The movie Interstellar was the first to use physics to depict what a black hole would look like up close.
Movie-goers probably didn’t expect it to do much more than contribute some stunning visuals. But now, physicist Kip Thorne and his colleagues have published a paper saying that the visual effects generated by the London-based company Double Negative have actually furthered our understanding of the cosmos.
In other words, a tool that was originally designed for cinematic effects became useful for real scientific purposes.
Filmmaker Christopher Nolan and his team wanted Interstellar to include the most accurate and realistic view of a supermassive black hole possible, so he turned to Thorne for advice. After fiddling with code, they realized that existing visual technology to simulate the black hole would create a flickering effect that would look bad in IMAX theaters.
As a solution, they developed a code called Double Negative Gravitational Renderer (DNGR) to solve the equations for how bundles of light (or light beams) propagate through the warped spacetime of a spinning black hole. Most CGI effects calculate individual light rays instead of bundled ones, so this was a novel approach.
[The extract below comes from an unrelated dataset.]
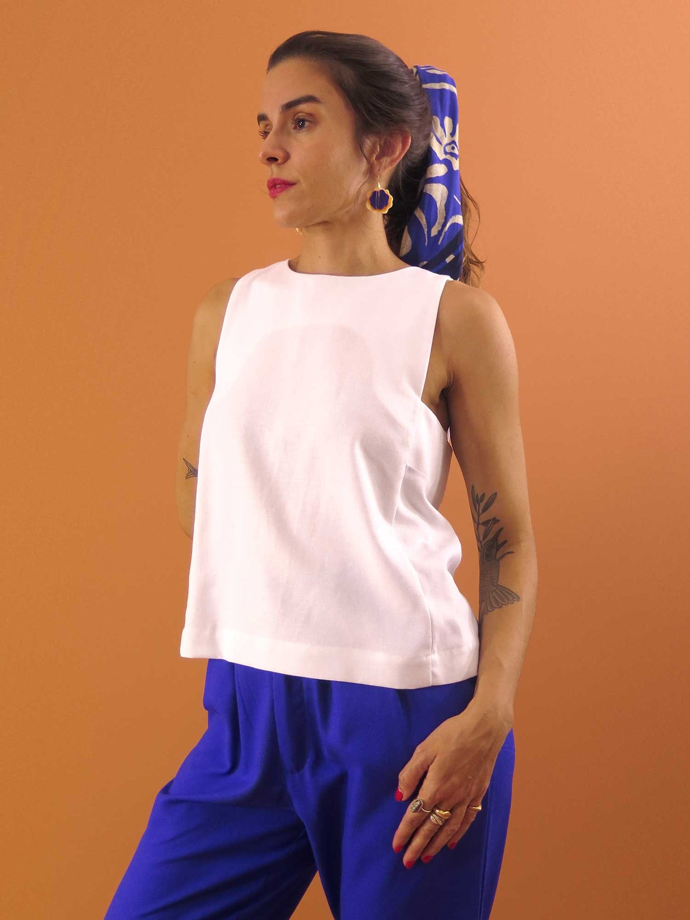 A modelo tem 86 cm de busto x 69 cm de cintura x 98 cm de quadril.
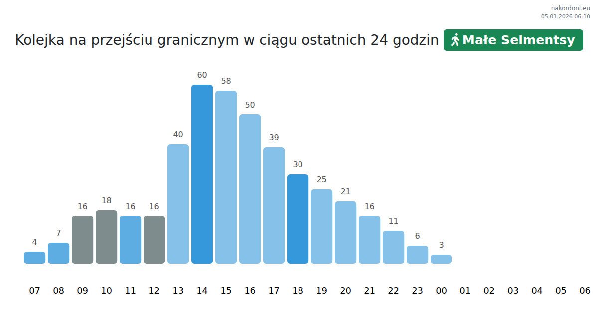 Planuj swoje podróże z wyprzedzeniem, korzystając z aktualnych informacji o kolejkach na granicy na punkcie kontrolnym Małe Selmentsy - pieszy, aby przejazd był szybki i wygodny. Zwróć szczególną uwagę na te godziny, aby uniknąć szczytowego natężenia i skrócić czas oczekiwania.

Here’s Adam Rogers, writing for Wired in October:
In the end, Nolan got elegant images that advance the story. Thorne got a movie that teaches a mass audience some real, accurate science. But he also got something he didn’t expect: a scientific discovery. “This is our observational data,” he says of the movie’s visualizations. “That’s the way nature behaves. Period.” Thorne says he can get at least two published articles out of it.
Now, one of those papers is out, published in the journal Classical and Quantum Gravity this morning. The paper explains how DNGR works and illustrates some new astrophysical insights that came as a result.
Here’s Erin Blakemore, writing for Smithsonian.com:
The team soon realized that the images produced using DNGR code could be used for much more than a fictitious interstellar trip. They began to use the code to conduct simulations of how a weird space surface called a “caustic” might affect images of star fields near black holes in a process known as “gravitational lensing.” Their simulations showed that as caustics are dragged around the sky by the spinning force of a black hole, they stretch around the hole again and again, affecting how stars look. This both creates and obliterates images of stars, creating up to 13 images of a star as the caustic flings images out of the black hole.
In other words, a caustic is a network of light rays reflected or refracted around a surface—in this case, a black hole. An everyday example of a caustic is seen in the projection of light patterns on a surface like water (see above for an example). As light touches the water, space bends the light to produce this effect. The same is true for light near the accretion disk of a black hole. Thorne’s new paper suggests that, based on DNGR evidence, caustic networks affect the appearance of far-off stars and galaxies if you’re looking at them while in the vicinity of a black hole.